Beginning with the line that contains "イベント内容 | 座敷形式のアットホームな里親会です♪" in the material below, print each line exactly until the line that contains "MAXHUB视频会议套装6米" has been printed, then stop.

**Extracted entries**
========================================================================

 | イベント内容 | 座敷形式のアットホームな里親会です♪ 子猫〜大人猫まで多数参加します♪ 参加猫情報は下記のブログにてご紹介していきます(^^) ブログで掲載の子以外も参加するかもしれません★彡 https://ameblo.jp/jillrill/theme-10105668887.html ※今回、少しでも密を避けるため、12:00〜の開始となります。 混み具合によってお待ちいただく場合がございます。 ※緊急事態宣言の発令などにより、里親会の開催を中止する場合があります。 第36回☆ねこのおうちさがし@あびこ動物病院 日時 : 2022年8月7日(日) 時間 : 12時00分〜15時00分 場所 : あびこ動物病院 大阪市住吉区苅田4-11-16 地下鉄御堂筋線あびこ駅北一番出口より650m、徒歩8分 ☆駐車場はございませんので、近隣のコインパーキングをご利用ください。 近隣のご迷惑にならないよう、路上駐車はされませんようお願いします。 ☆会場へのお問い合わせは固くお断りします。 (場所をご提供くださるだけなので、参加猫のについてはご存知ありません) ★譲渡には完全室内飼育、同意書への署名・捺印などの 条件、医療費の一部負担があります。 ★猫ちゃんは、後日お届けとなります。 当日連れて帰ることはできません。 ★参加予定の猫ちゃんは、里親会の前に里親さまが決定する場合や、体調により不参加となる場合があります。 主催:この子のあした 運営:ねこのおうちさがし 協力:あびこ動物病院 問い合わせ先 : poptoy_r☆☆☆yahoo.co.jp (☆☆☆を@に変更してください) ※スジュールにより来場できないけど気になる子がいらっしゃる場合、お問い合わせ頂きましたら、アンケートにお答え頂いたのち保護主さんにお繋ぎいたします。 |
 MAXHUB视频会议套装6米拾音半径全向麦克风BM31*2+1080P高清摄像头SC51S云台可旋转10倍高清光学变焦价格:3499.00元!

========================================================================

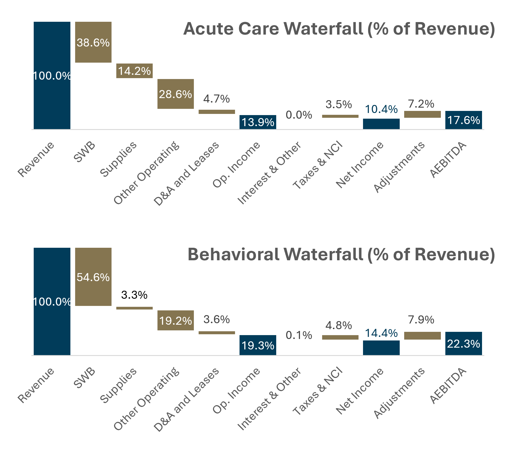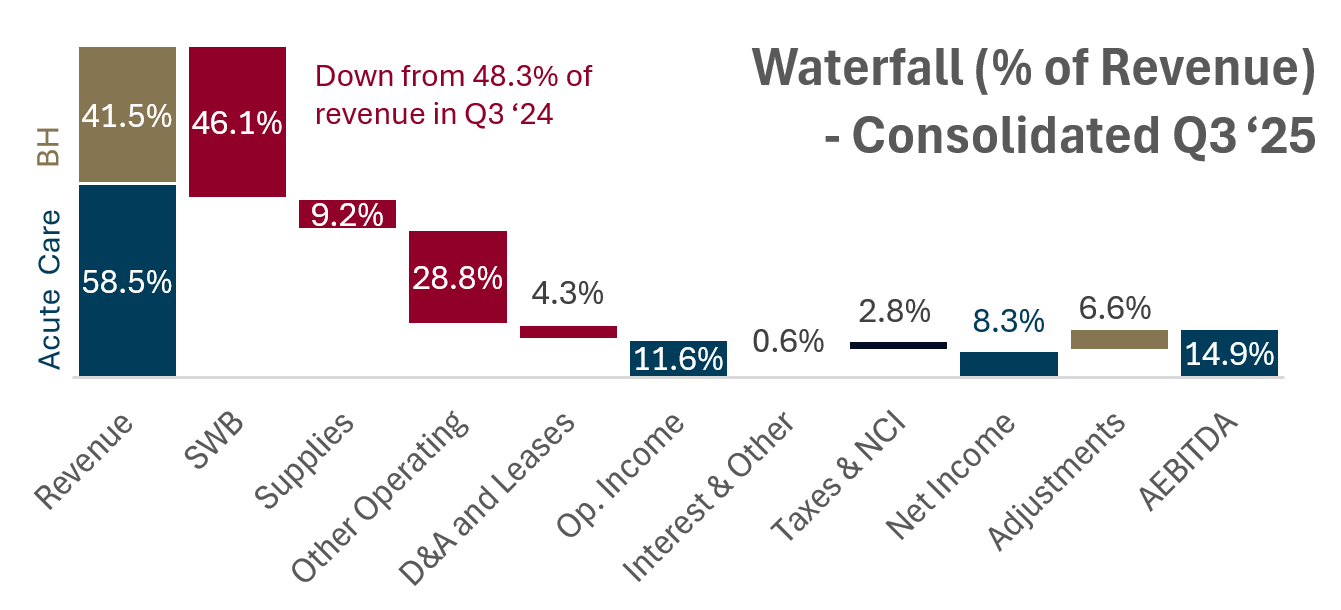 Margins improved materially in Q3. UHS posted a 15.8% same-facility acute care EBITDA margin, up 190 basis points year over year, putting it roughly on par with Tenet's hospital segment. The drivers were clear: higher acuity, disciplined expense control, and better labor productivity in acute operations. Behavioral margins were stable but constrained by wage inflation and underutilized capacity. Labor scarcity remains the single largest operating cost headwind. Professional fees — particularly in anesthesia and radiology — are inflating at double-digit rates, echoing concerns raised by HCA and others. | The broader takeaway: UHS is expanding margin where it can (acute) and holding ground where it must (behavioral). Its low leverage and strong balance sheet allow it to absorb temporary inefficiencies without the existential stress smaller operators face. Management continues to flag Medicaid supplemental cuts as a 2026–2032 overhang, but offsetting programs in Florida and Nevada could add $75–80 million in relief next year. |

========================================================================

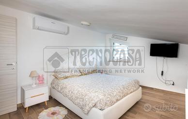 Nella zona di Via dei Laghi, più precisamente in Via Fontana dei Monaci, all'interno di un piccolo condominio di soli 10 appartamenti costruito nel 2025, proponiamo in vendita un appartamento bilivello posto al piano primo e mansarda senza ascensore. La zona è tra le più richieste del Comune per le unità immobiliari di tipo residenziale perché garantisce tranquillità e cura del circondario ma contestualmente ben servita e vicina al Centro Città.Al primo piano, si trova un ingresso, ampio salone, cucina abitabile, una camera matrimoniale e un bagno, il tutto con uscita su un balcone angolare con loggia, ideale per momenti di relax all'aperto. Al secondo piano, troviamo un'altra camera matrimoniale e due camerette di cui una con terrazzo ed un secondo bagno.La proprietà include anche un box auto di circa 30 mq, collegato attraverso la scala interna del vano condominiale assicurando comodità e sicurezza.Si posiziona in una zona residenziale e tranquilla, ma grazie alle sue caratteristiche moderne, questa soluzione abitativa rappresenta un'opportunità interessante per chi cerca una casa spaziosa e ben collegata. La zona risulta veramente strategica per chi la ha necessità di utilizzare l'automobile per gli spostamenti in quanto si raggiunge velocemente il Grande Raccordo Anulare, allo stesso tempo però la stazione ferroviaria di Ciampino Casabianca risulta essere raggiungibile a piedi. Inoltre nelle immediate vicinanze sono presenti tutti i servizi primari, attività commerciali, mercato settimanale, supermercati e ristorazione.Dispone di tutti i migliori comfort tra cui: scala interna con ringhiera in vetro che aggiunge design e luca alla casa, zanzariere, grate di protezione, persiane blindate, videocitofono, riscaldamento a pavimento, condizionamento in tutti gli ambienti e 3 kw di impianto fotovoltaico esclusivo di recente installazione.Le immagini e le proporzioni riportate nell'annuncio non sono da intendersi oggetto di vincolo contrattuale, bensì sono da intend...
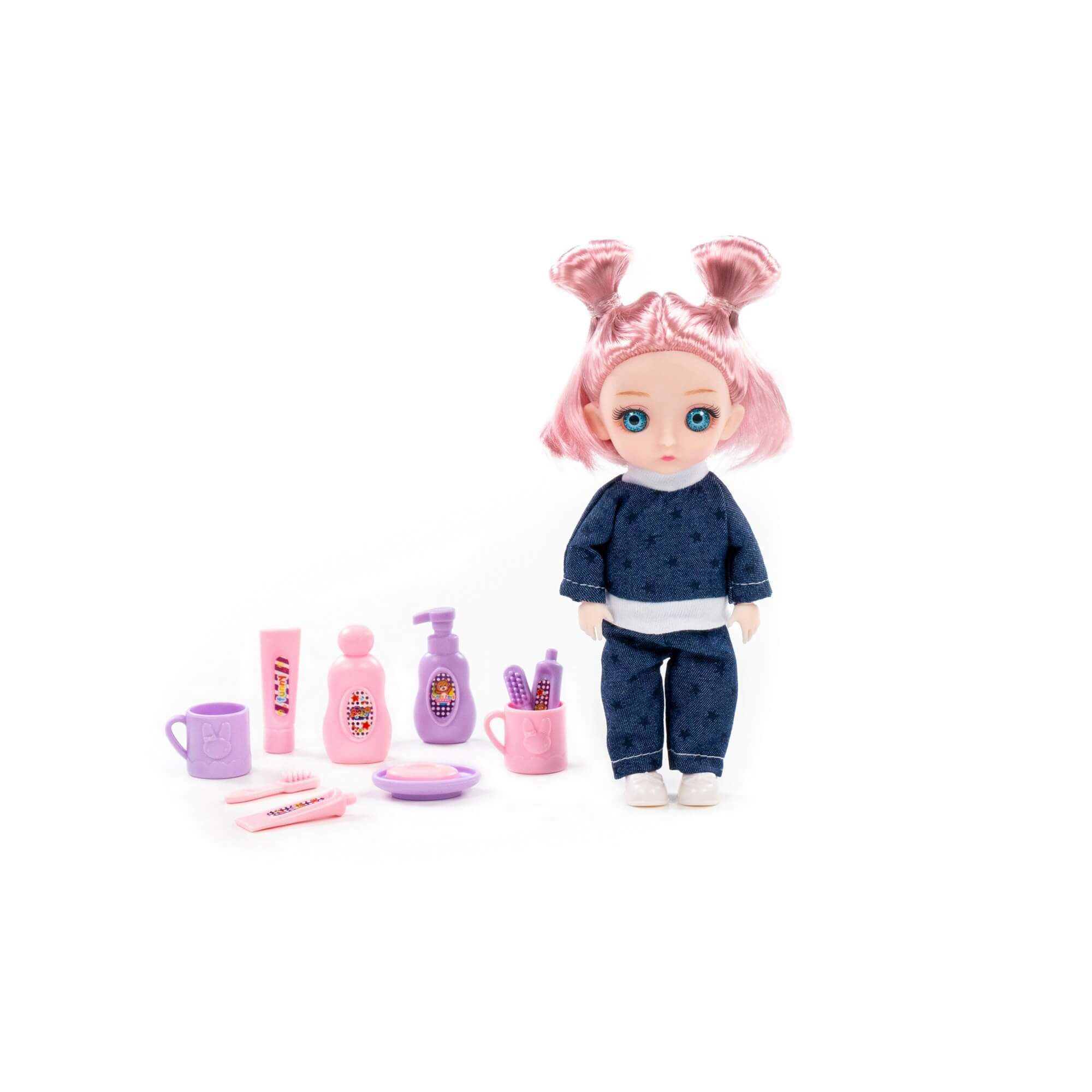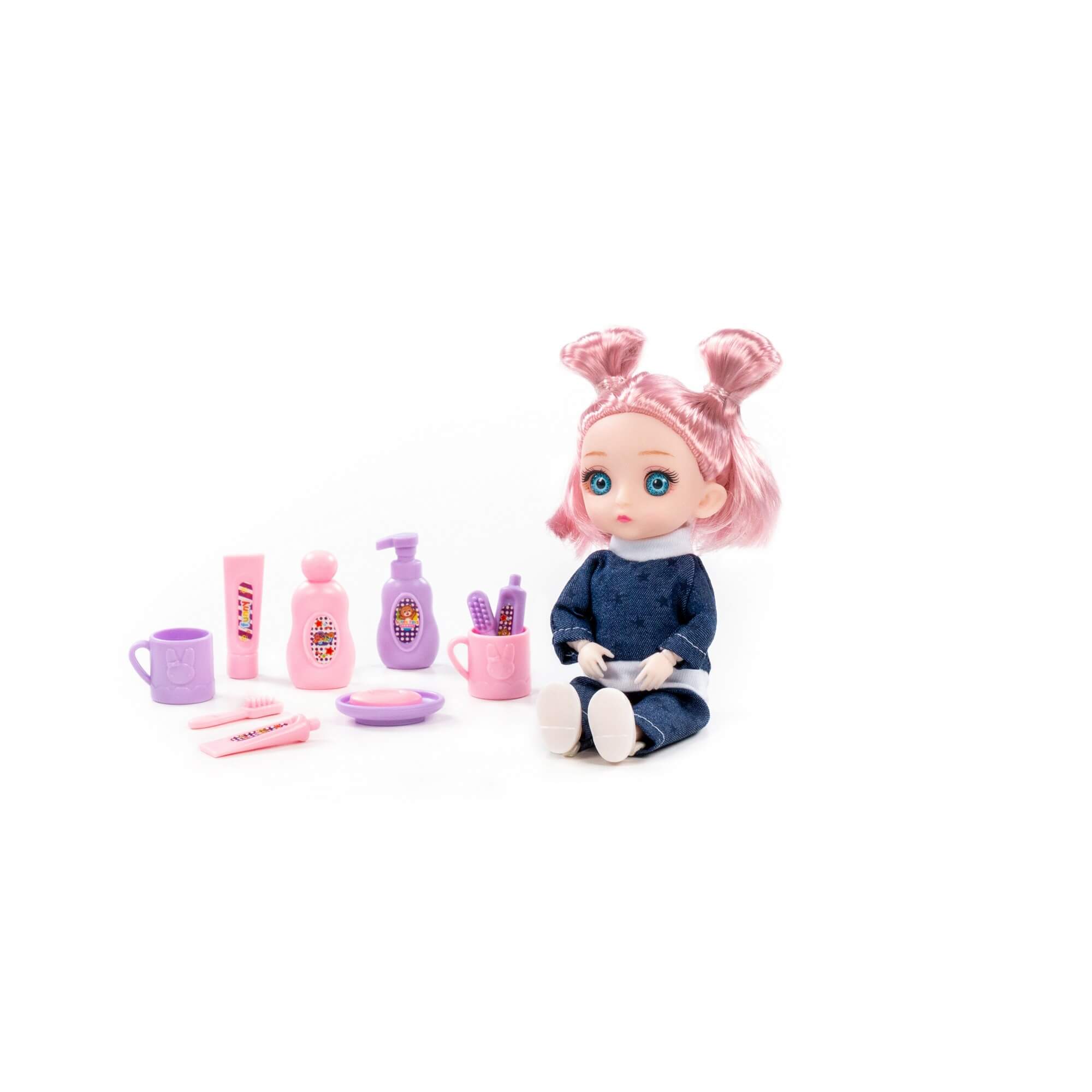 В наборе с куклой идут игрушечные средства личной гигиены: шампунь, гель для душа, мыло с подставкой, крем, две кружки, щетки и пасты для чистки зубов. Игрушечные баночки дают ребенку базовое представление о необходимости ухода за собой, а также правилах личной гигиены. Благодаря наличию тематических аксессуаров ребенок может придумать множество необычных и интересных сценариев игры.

========================================================================

**Written reply**
 | イベント内容 | 座敷形式のアットホームな里親会です♪ 子猫〜大人猫まで多数参加します♪ 参加猫情報は下記のブログにてご紹介していきます(^^) ブログで掲載の子以外も参加するかもしれません★彡 https://ameblo.jp/jillrill/theme-10105668887.html ※今回、少しでも密を避けるため、12:00〜の開始となります。 混み具合によってお待ちいただく場合がございます。 ※緊急事態宣言の発令などにより、里親会の開催を中止する場合があります。 第36回☆ねこのおうちさがし@あびこ動物病院 日時 : 2022年8月7日(日) 時間 : 12時00分〜15時00分 場所 : あびこ動物病院 大阪市住吉区苅田4-11-16 地下鉄御堂筋線あびこ駅北一番出口より650m、徒歩8分 ☆駐車場はございませんので、近隣のコインパーキングをご利用ください。 近隣のご迷惑にならないよう、路上駐車はされませんようお願いします。 ☆会場へのお問い合わせは固くお断りします。 (場所をご提供くださるだけなので、参加猫のについてはご存知ありません) ★譲渡には完全室内飼育、同意書への署名・捺印などの 条件、医療費の一部負担があります。 ★猫ちゃんは、後日お届けとなります。 当日連れて帰ることはできません。 ★参加予定の猫ちゃんは、里親会の前に里親さまが決定する場合や、体調により不参加となる場合があります。 主催:この子のあした 運営:ねこのおうちさがし 協力:あびこ動物病院 問い合わせ先 : poptoy_r☆☆☆yahoo.co.jp (☆☆☆を@に変更してください) ※スジュールにより来場できないけど気になる子がいらっしゃる場合、お問い合わせ頂きましたら、アンケートにお答え頂いたのち保護主さんにお繋ぎいたします。 |
 MAXHUB视频会议套装6米拾音半径全向麦克风BM31*2+1080P高清摄像头SC51S云台可旋转10倍高清光学变焦价格:3499.00元!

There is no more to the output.